Rápidamente se puso de pie y pareció a Tina aún más joven quizá a causa del terror que seguía percibiéndose en su rostro. Salió a la tienda. Ella lo siguió mirándole con ternura.
—¿Tiene miedo de estar solo el tiempo que resta hasta que nos encontremos? —le preguntó.
Lee negó con la cabeza.
—Ya no temo nada, gracias a usted.
Abrió la puerta y salió. Ella lo siguió y entonces sí se activó la célula fotoeléctrica. Desde la puerta le dijo adiós con la mano.
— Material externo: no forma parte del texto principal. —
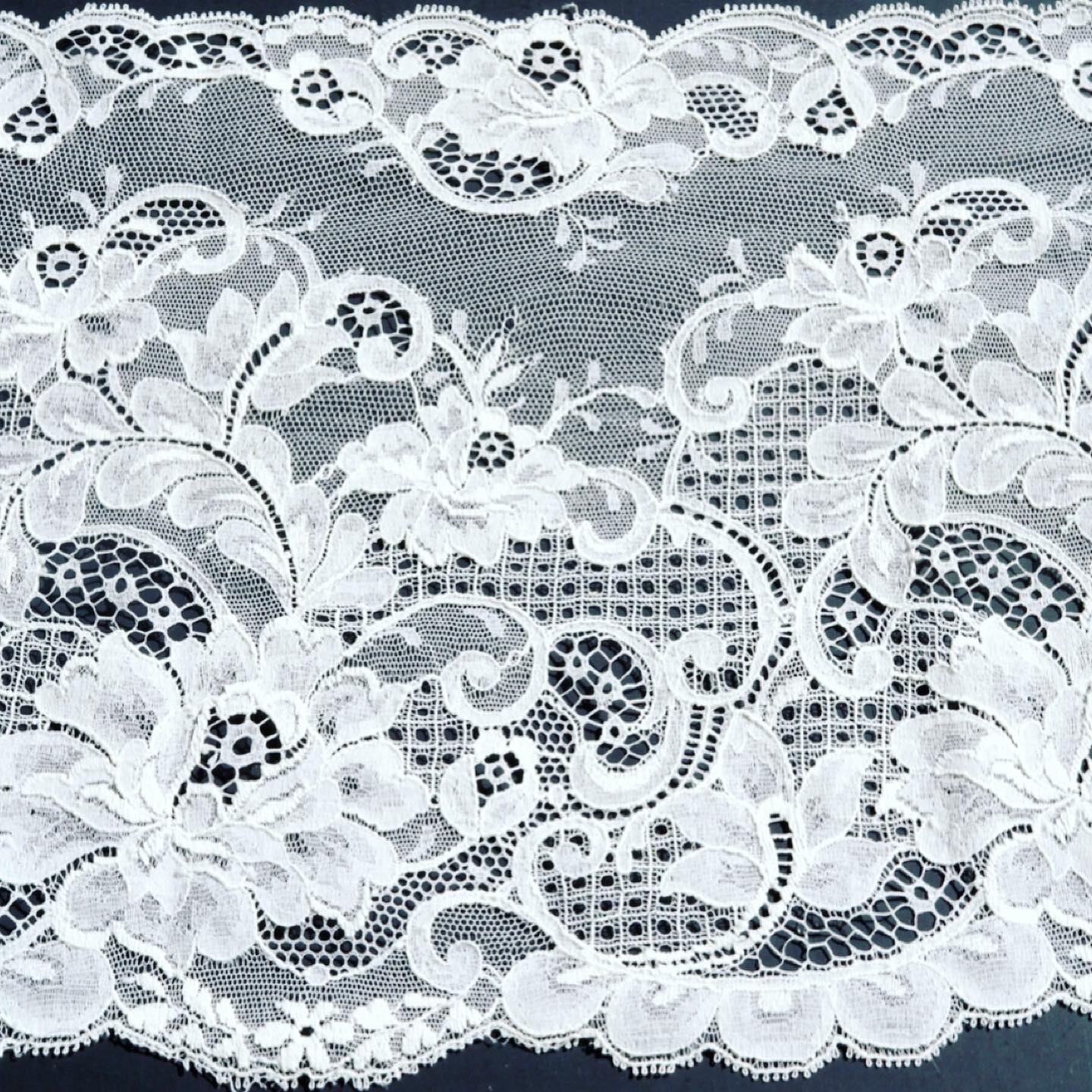 幅23㌢のフランス製リバーレースを贅沢に使ったスヌードです。幾種類もの細い糸が織りなすレース模様にウットリしちゃいます♡上下にゴムを通してレースの美しさを損なわずに5㌢と3㌢のタックを作りました。用途に合わせてご利用ください^ ^

—He de ir primero a otro sitio —dijo ella en voz muy baja nada más irse el otro.
De nuevo, al pasar él por la puerta, la célula fotoeléctrica había permanecido muda. Tina sacudió la cabeza y entró en su tienda. Luego se fue a la trastienda, que entonces le pareció un lugar vacío, incómodo… Como si al irse, se hubiera llevado Lee lo que lo hacía un sitio acogedor.